Your task
Keep the pictures out of the copy and print all the entries below exactly.

Provided records Block Start

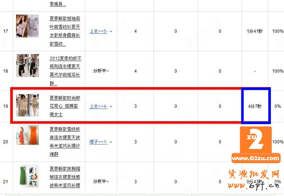 哇塞,排名第19的寶貝,居然訪問只有3個人,但是訪問時間居然有4分7秒!這不是潛力寶貝是什么,遇上這種,就著重優(yōu)化一下吧,做好SEO,也可以考慮推廣(有錢就燒車吧,盡力展現(xiàn))
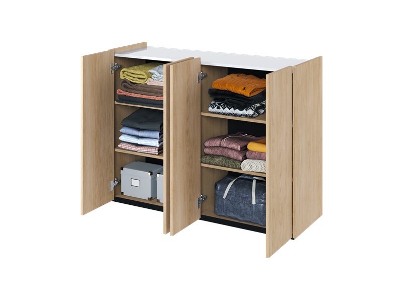 - standard comoda vine cu cate 2 polite per compartiment, in total 4 polite
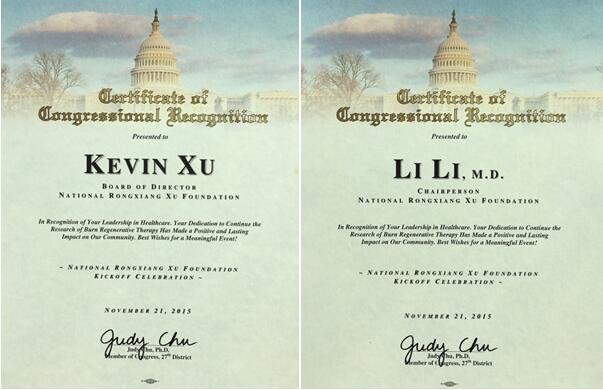 美國(guó)國(guó)會(huì)議員及洛杉磯教委委員對(duì)徐榮祥基金會(huì)的成立表示祝賀,并頒發(fā)證書。國(guó)會(huì)議員趙美心表示,目前美國(guó)正面臨醫(yī)生資源短缺、政府在醫(yī)學(xué)領(lǐng)域投資縮減的局面,并且在某些新技術(shù)與發(fā)明上已經(jīng)滯后,而在基金會(huì)贊助下成立的研究中心將有利于扭轉(zhuǎn)這一局面,在損傷器官領(lǐng)域作出突破性貢獻(xiàn)。趙美心認(rèn)為,徐榮祥基金會(huì)的成立不僅僅是為了向徐大夫致敬,更代表著一個(gè)可以令人類世世代代更健康的契機(jī)。
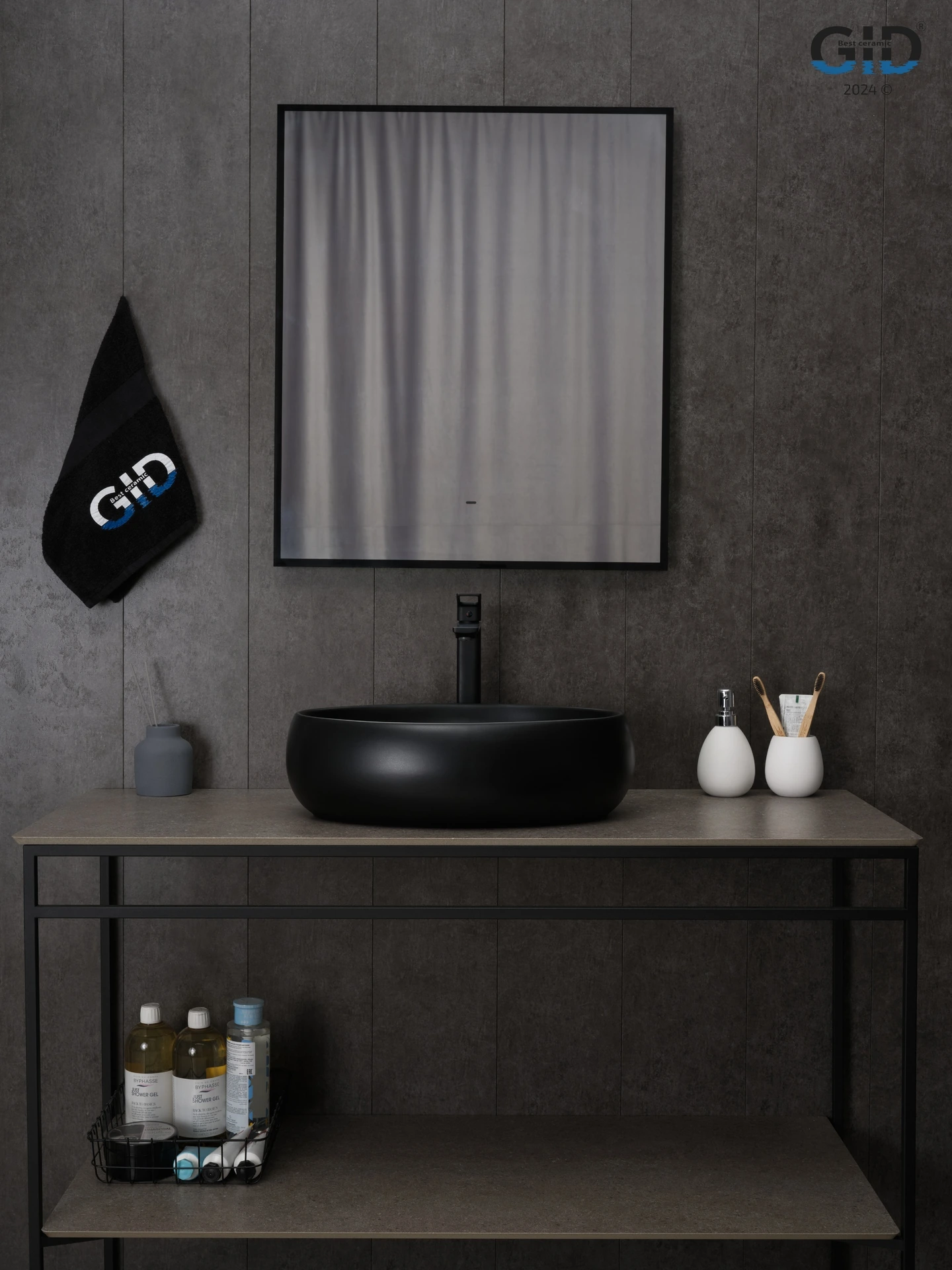 —Раковина керамическая Gid Lago 53372 50х30 накладная цвет черный без отверстий под смеситель
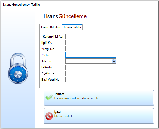 Yeni bir demo lisans oluşturmak için Lisans Sahibi sekmesinde yer alan zorunlu alanları doldurmanız gerekmektedir.
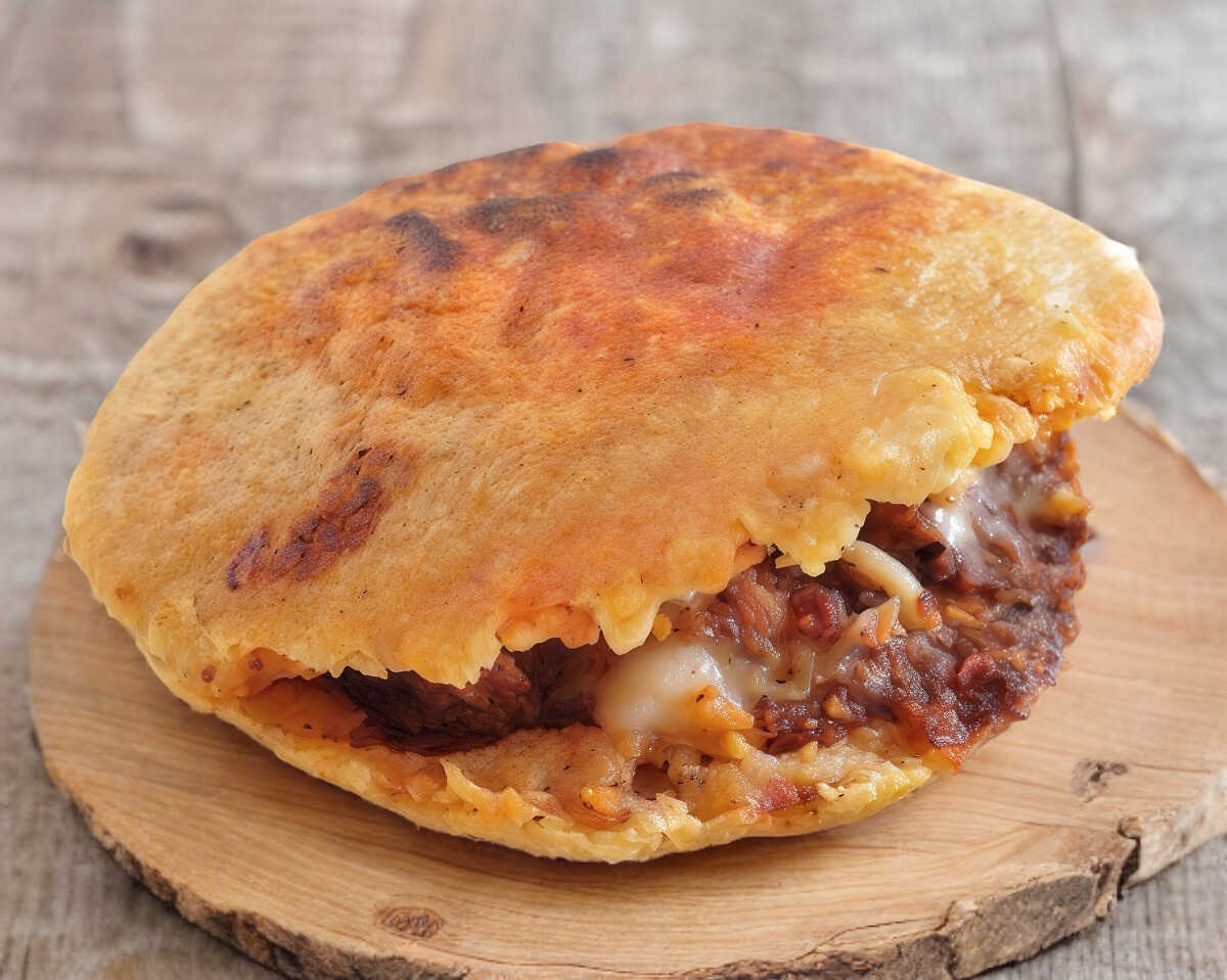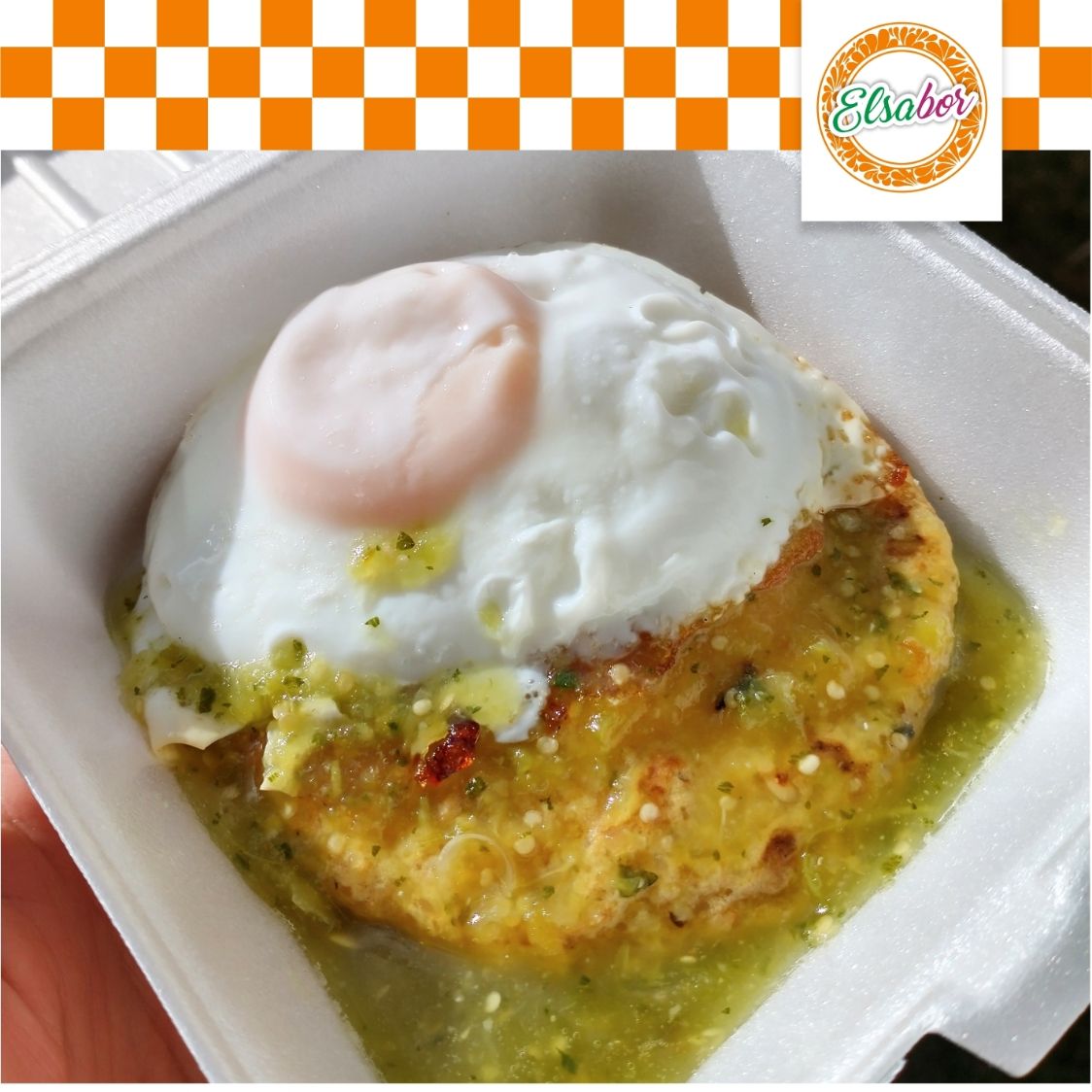 Rellena de Queso Asadero acompañada de un huevo estrellado y salsa
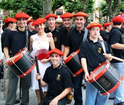 Año 2008. Arantza Alapont Valenciano. Cantinera de la Compañía Real Unión del Alarde de San Marcial de Irún posando con sus amigos en el año 2008.
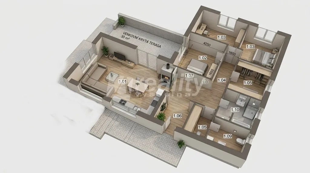 Celý dům je zateplený polystyrenem a zateplení stropu je zajištěno foukanou izolací. U všech oken je nachystaná kompletní příprava na instalaci venkovních žaluzií. Součástí novostavby je i zastřešená terasa o velikosti 50 m2.
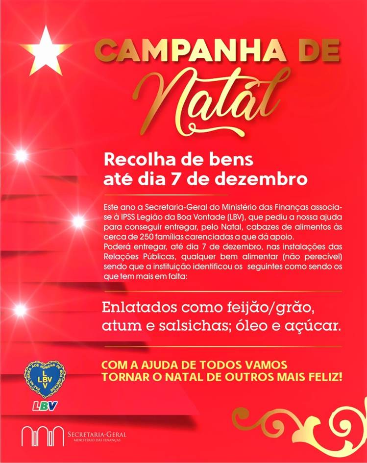 A Secretaria Geral do Ministério das Finanças está a recolher alimentos para serem incluídos nos cabazes de Natal que a Legião da Boa Vontade entregará na cidade de Lisboa, no dia 19 de dezembro.
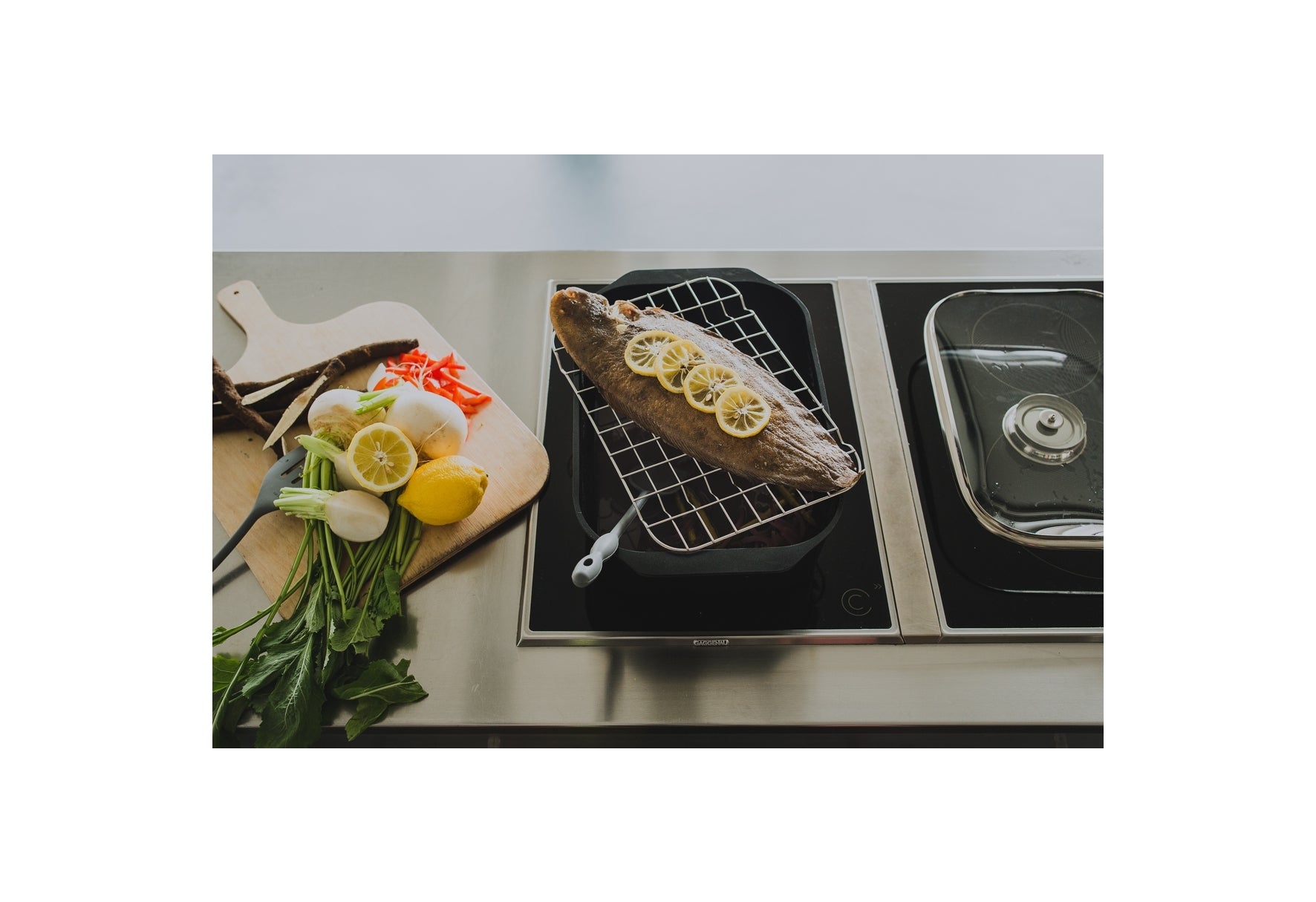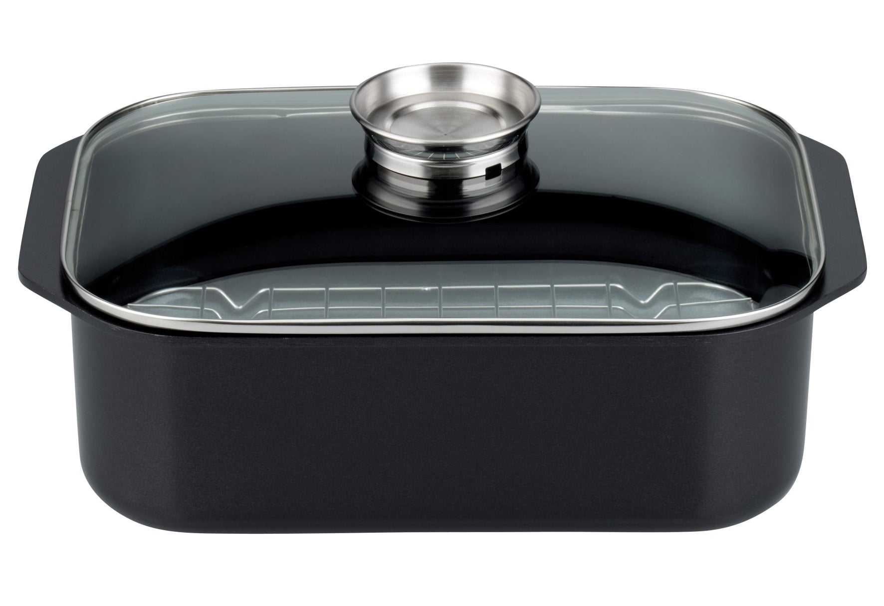 Aluminium Druckguss, innen langlebige kratzfeste Antihaftversiegelung Thermoceramika, PTFE-frei, außen schwarz Silicon beschichtet, Wandstärke ca. 2,2 cm, Bodenstärke ca. 5 mm, Glasdeckel mit stoßfestem Edelstahlrand, mit Edelstahl Grillrost, backofenfest mit Deckel bis 180°C, ohne Deckel bis 240°C, für alle Herdarten inkl. Induktion geeignet 8 l, (LxB): 40x25 cm

Provided records Block End

Exercise solution
 哇塞,排名第19的寶貝,居然訪問只有3個人,但是訪問時間居然有4分7秒!這不是潛力寶貝是什么,遇上這種,就著重優(yōu)化一下吧,做好SEO,也可以考慮推廣(有錢就燒車吧,盡力展現(xiàn))
 - standard comoda vine cu cate 2 polite per compartiment, in total 4 polite
 美國(guó)國(guó)會(huì)議員及洛杉磯教委委員對(duì)徐榮祥基金會(huì)的成立表示祝賀,并頒發(fā)證書。國(guó)會(huì)議員趙美心表示,目前美國(guó)正面臨醫(yī)生資源短缺、政府在醫(yī)學(xué)領(lǐng)域投資縮減的局面,并且在某些新技術(shù)與發(fā)明上已經(jīng)滯后,而在基金會(huì)贊助下成立的研究中心將有利于扭轉(zhuǎn)這一局面,在損傷器官領(lǐng)域作出突破性貢獻(xiàn)。趙美心認(rèn)為,徐榮祥基金會(huì)的成立不僅僅是為了向徐大夫致敬,更代表著一個(gè)可以令人類世世代代更健康的契機(jī)。
 —Раковина керамическая Gid Lago 53372 50х30 накладная цвет черный без отверстий под смеситель
 Yeni bir demo lisans oluşturmak için Lisans Sahibi sekmesinde yer alan zorunlu alanları doldurmanız gerekmektedir.
 Rellena de Queso Asadero acompañada de un huevo estrellado y salsa
 Año 2008. Arantza Alapont Valenciano. Cantinera de la Compañía Real Unión del Alarde de San Marcial de Irún posando con sus amigos en el año 2008.
 Celý dům je zateplený polystyrenem a zateplení stropu je zajištěno foukanou izolací. U všech oken je nachystaná kompletní příprava na instalaci venkovních žaluzií. Součástí novostavby je i zastřešená terasa o velikosti 50 m2.
 A Secretaria Geral do Ministério das Finanças está a recolher alimentos para serem incluídos nos cabazes de Natal que a Legião da Boa Vontade entregará na cidade de Lisboa, no dia 19 de dezembro.
 Aluminium Druckguss, innen langlebige kratzfeste Antihaftversiegelung Thermoceramika, PTFE-frei, außen schwarz Silicon beschichtet, Wandstärke ca. 2,2 cm, Bodenstärke ca. 5 mm, Glasdeckel mit stoßfestem Edelstahlrand, mit Edelstahl Grillrost, backofenfest mit Deckel bis 180°C, ohne Deckel bis 240°C, für alle Herdarten inkl. Induktion geeignet 8 l, (LxB): 40x25 cm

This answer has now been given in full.